═══ Given data

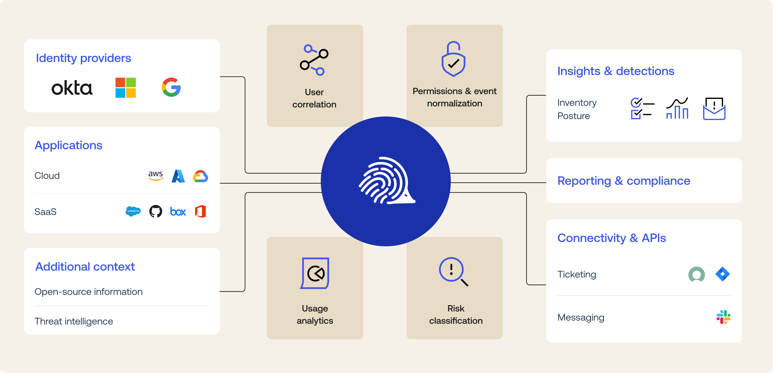 Identity Security Posture Management uses an agentless process to integrate quickly and seamlessly with your identity providers, SaaS applications and Cloud infrastructure to provide continuous visibility into identities, permissions, and actions.
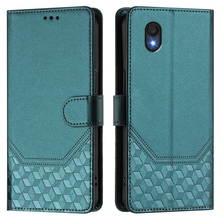 Funda de Cuero Rfid con Relieve en Panal para TCL 201 (Verde Pavo Real)
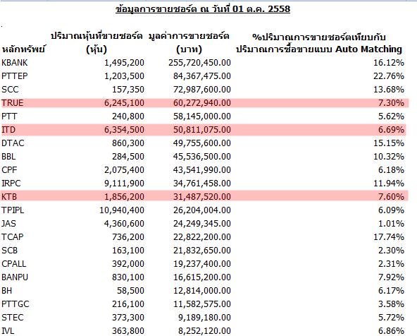ข้อมูลการขายชอร์ต (SBL) 20 อันดับแรก ณ วันที่ 30 ต.ค. 2558 อันดับ 1 PTT มูลค่า ~370 ล้านบาท Cr. https://www.facebook.com/GreenDiaryOfTrader/
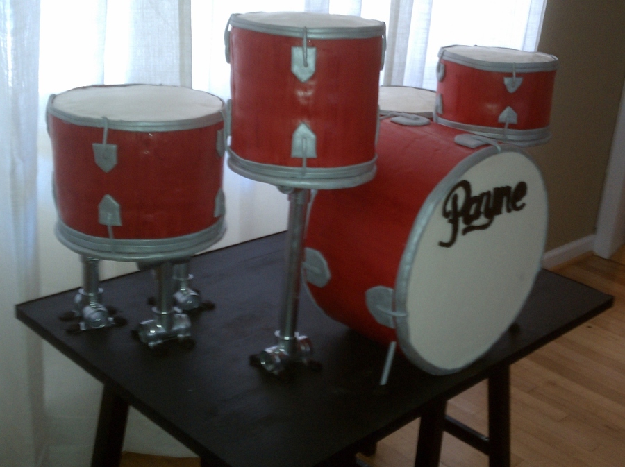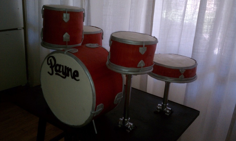 This is a drumset I made for a groom's cake (my husband built the base for me, thankfully!). Besides this, I had 180 cupcakes to make. I have never stood in one place for so long in my life. My calves, heels and lower back are killing me! But it was worth it. I think. Maybe I should appreciate my desk job more... =)
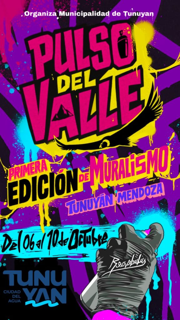 Del 6 al 10 de octubre se realizará “Pulso del Valle”, el primer encuentro de muralismo de la región. La actividad se desarrollará en el Centro de Deportes, ubicado en calle Julio Argentino Roca 249, con la participación de artistas de distintas provincias quienes intervendrán las paredes del lugar plasmando su arte y magia.
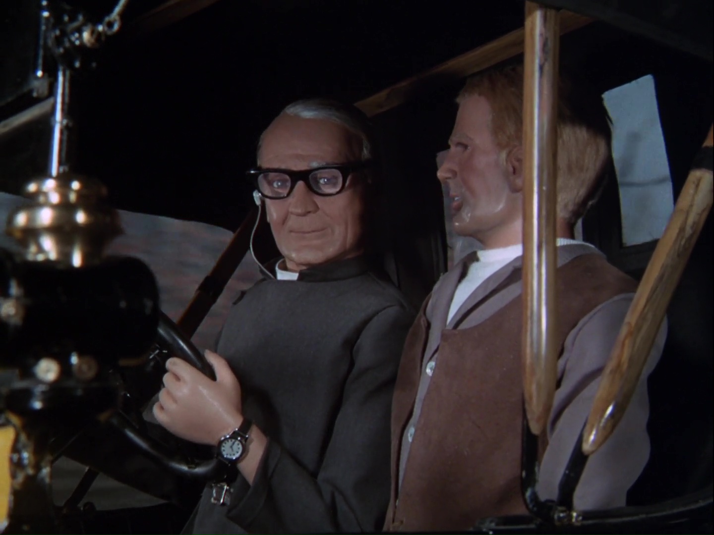 These subject matters presented the production team with some unusual challenges to get their teeth into. A Model T driving across a minefield. A gang of evil vicars trying to blow up a submarine. An exploding teddy bear. The unconventional became an inherent part of the series and gave this odd collection of characters room to be a bit silly at times without compromising the drama. And because all of this started to gel and flow more easily, I could sense the team at Century 21 were starting to rather love this charming little show. Suddenly, the ingenuity and hard work of the early pioneering days of Supermarionation started to appear on-screen again. Spectacular stunts and special effects transformed from minor plot incidents to big set pieces. Models and puppet characters became more richly detailed and filmed with pride and confidence rather than at a cold, remote distance. The love for the work is there in pretty much every frame of More Haste Less Speed.
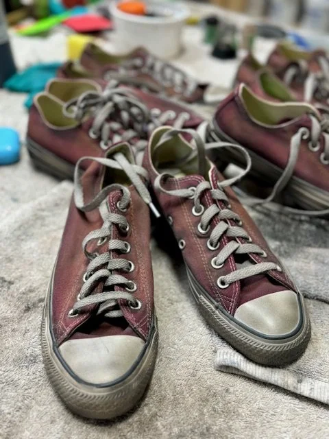 There’s always Ultra-Matte Medium in my kit; I love it for dulling things down. If you mix it with a dot of raw umber, it’s perfect for breaking down things like Converse (there’s always Converse shoes on a show). I also find it works great on dark boots – if you sand the boots down and add a bit of the Ultra-Matte, it really works on camera.
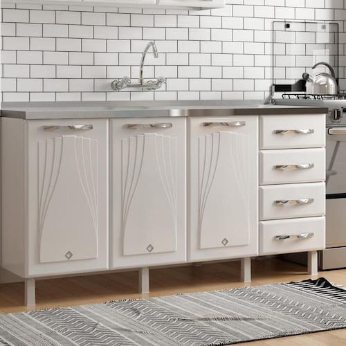 Informações Técnicas: Prateleira: 01 Gavetas: 04 Portas: 03 Cor: Branco brilhante Material: 100% aço Portas com design harmônico Puxadores e apliques na cor Ônix Corrediças metálicas Pintura eletrostática com preparo antiferrugem Pés com regulagem de altura Pia não inclusa
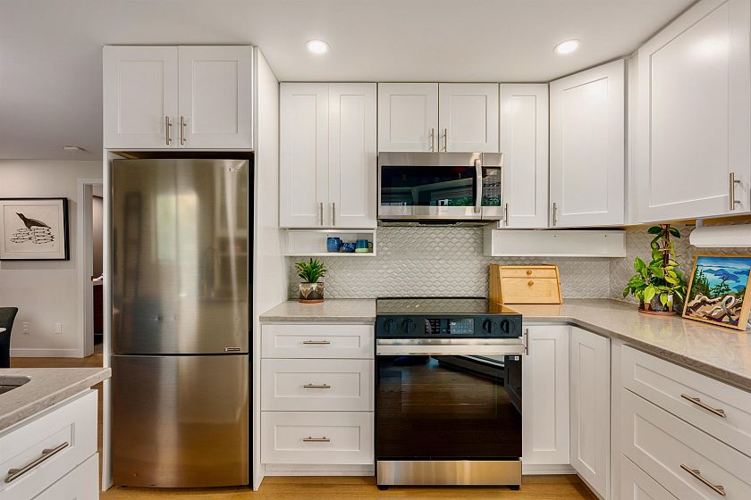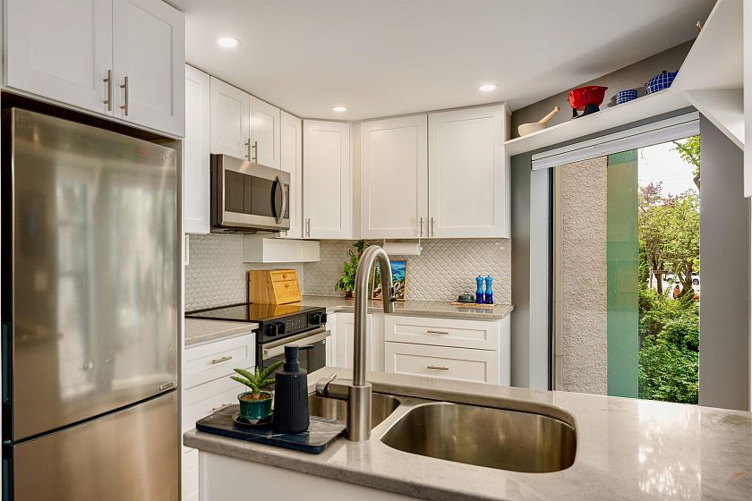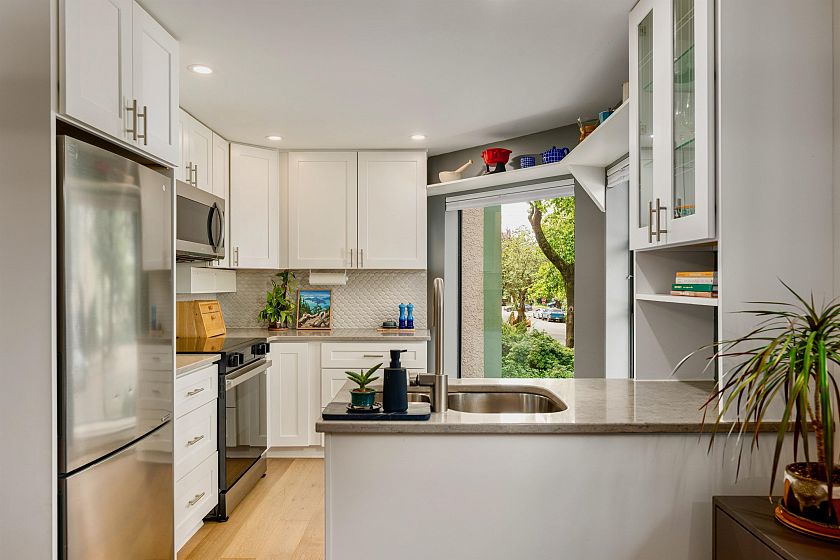 West End Unicorn! Fully Renovated, bright 3-BED corner TOWNHOME. Two outdoor spaces! SECURE parking. Warm Contemporary vibe; Upgraded Hardwood throughout; complete bathroom reno's; quartz finishes; SS appliances; fresh paint; pot lights; smart lights/thermostat; generous storage. Most unusual: a dedicated laundry room. Large Windows. Custom blackout blinds support quality sleep and you'll retreat to the upper balcony or lower patio just off the primary bedroom. Welcome friends into your separate entrance. Such a pretty corner at tree-lined Bute and Barclay streets with independent grocers and coffee a short hop away. Stroll to work, Davie, Denman, Robson, and cycle Stanley Park! This immaculately kept home with custom touches invites the next discerning professional couple or young family.
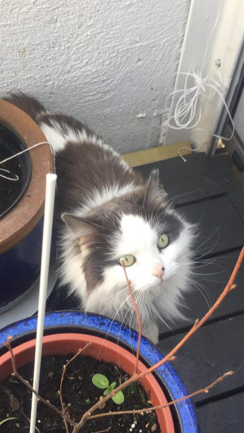Nylig adoptert fra FOD, foreningen for omplassering av dyr og flyttet til nytt hjem. Er savnet fra Grindbakken 20, Oslo. Tam, sosial og veldig glad i å være ute. Slank. Semilanghåret hvit og grå. Mangler tuppen på venstre øre. Barbert bort floker på begge sider av magen.
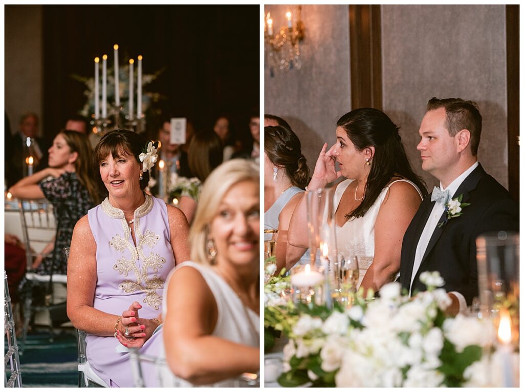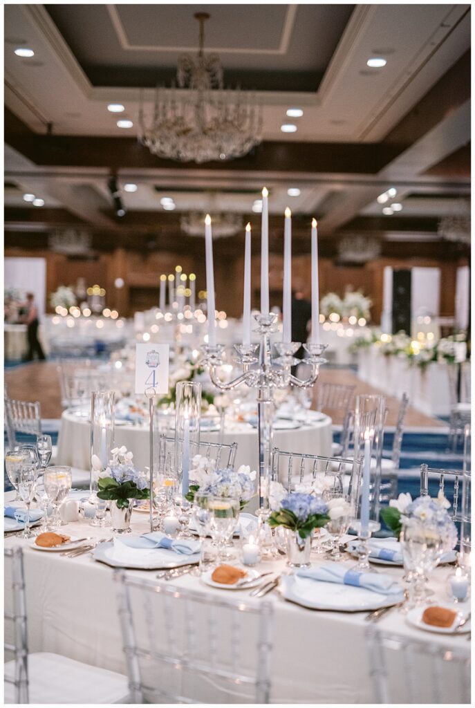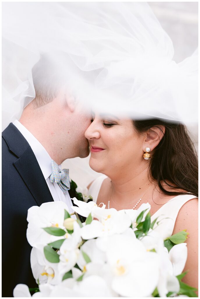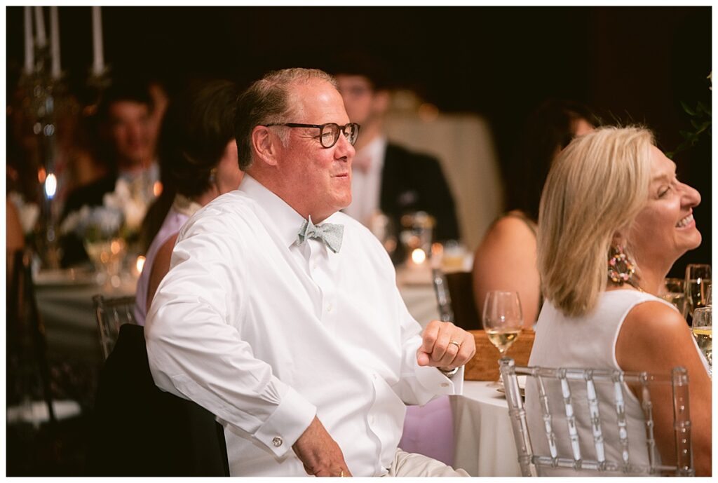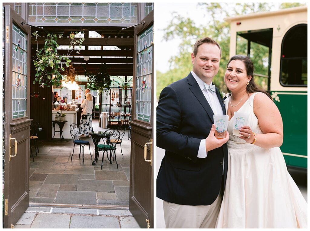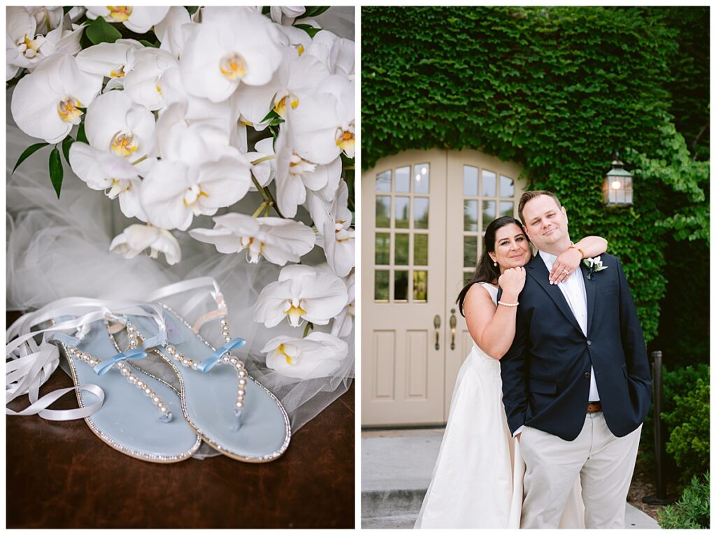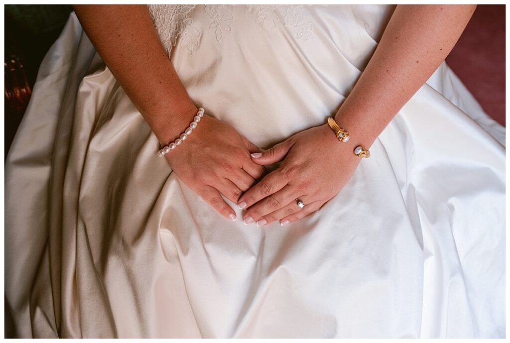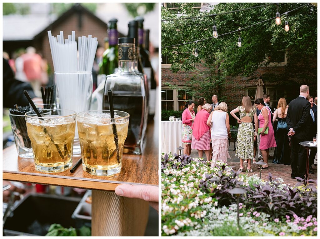 Mark and his groomsmen got ready in their Brooks Brothers attire and monogramed sleeves while toasting Bourbon and shooting pool. Not one detail was overlooked as Meghan’s mother, Mary, planned an incredible day. Meghan and Marks’ monogram was displayed throughout the wedding day in everything from the ribbons on the bridesmaids flowers to the cake to the floor logo to each napkin the guests received at their place setting. Their beautiful wedding invitations designed by Kate Murphy, displayed a beautiful American Club in watercolor. Meghan and her father were escorted to the church ins a white classic Cadillac driven by Lee of Lee’s Classic Cars.

══════

Work request: Retype the data above exactly; pictures are not part of the copy.

Solution for this problem:
 Identity Security Posture Management uses an agentless process to integrate quickly and seamlessly with your identity providers, SaaS applications and Cloud infrastructure to provide continuous visibility into identities, permissions, and actions.
 Funda de Cuero Rfid con Relieve en Panal para TCL 201 (Verde Pavo Real)
ข้อมูลการขายชอร์ต (SBL) 20 อันดับแรก ณ วันที่ 30 ต.ค. 2558 อันดับ 1 PTT มูลค่า ~370 ล้านบาท Cr. https://www.facebook.com/GreenDiaryOfTrader/
 This is a drumset I made for a groom's cake (my husband built the base for me, thankfully!). Besides this, I had 180 cupcakes to make. I have never stood in one place for so long in my life. My calves, heels and lower back are killing me! But it was worth it. I think. Maybe I should appreciate my desk job more... =)
 Del 6 al 10 de octubre se realizará “Pulso del Valle”, el primer encuentro de muralismo de la región. La actividad se desarrollará en el Centro de Deportes, ubicado en calle Julio Argentino Roca 249, con la participación de artistas de distintas provincias quienes intervendrán las paredes del lugar plasmando su arte y magia.
 These subject matters presented the production team with some unusual challenges to get their teeth into. A Model T driving across a minefield. A gang of evil vicars trying to blow up a submarine. An exploding teddy bear. The unconventional became an inherent part of the series and gave this odd collection of characters room to be a bit silly at times without compromising the drama. And because all of this started to gel and flow more easily, I could sense the team at Century 21 were starting to rather love this charming little show. Suddenly, the ingenuity and hard work of the early pioneering days of Supermarionation started to appear on-screen again. Spectacular stunts and special effects transformed from minor plot incidents to big set pieces. Models and puppet characters became more richly detailed and filmed with pride and confidence rather than at a cold, remote distance. The love for the work is there in pretty much every frame of More Haste Less Speed.
 There’s always Ultra-Matte Medium in my kit; I love it for dulling things down. If you mix it with a dot of raw umber, it’s perfect for breaking down things like Converse (there’s always Converse shoes on a show). I also find it works great on dark boots – if you sand the boots down and add a bit of the Ultra-Matte, it really works on camera.
 Informações Técnicas: Prateleira: 01 Gavetas: 04 Portas: 03 Cor: Branco brilhante Material: 100% aço Portas com design harmônico Puxadores e apliques na cor Ônix Corrediças metálicas Pintura eletrostática com preparo antiferrugem Pés com regulagem de altura Pia não inclusa
 West End Unicorn! Fully Renovated, bright 3-BED corner TOWNHOME. Two outdoor spaces! SECURE parking. Warm Contemporary vibe; Upgraded Hardwood throughout; complete bathroom reno's; quartz finishes; SS appliances; fresh paint; pot lights; smart lights/thermostat; generous storage. Most unusual: a dedicated laundry room. Large Windows. Custom blackout blinds support quality sleep and you'll retreat to the upper balcony or lower patio just off the primary bedroom. Welcome friends into your separate entrance. Such a pretty corner at tree-lined Bute and Barclay streets with independent grocers and coffee a short hop away. Stroll to work, Davie, Denman, Robson, and cycle Stanley Park! This immaculately kept home with custom touches invites the next discerning professional couple or young family.
Nylig adoptert fra FOD, foreningen for omplassering av dyr og flyttet til nytt hjem. Er savnet fra Grindbakken 20, Oslo. Tam, sosial og veldig glad i å være ute. Slank. Semilanghåret hvit og grå. Mangler tuppen på venstre øre. Barbert bort floker på begge sider av magen.
 Mark and his groomsmen got ready in their Brooks Brothers attire and monogramed sleeves while toasting Bourbon and shooting pool. Not one detail was overlooked as Meghan’s mother, Mary, planned an incredible day. Meghan and Marks’ monogram was displayed throughout the wedding day in everything from the ribbons on the bridesmaids flowers to the cake to the floor logo to each napkin the guests received at their place setting. Their beautiful wedding invitations designed by Kate Murphy, displayed a beautiful American Club in watercolor. Meghan and her father were escorted to the church ins a white classic Cadillac driven by Lee of Lee’s Classic Cars.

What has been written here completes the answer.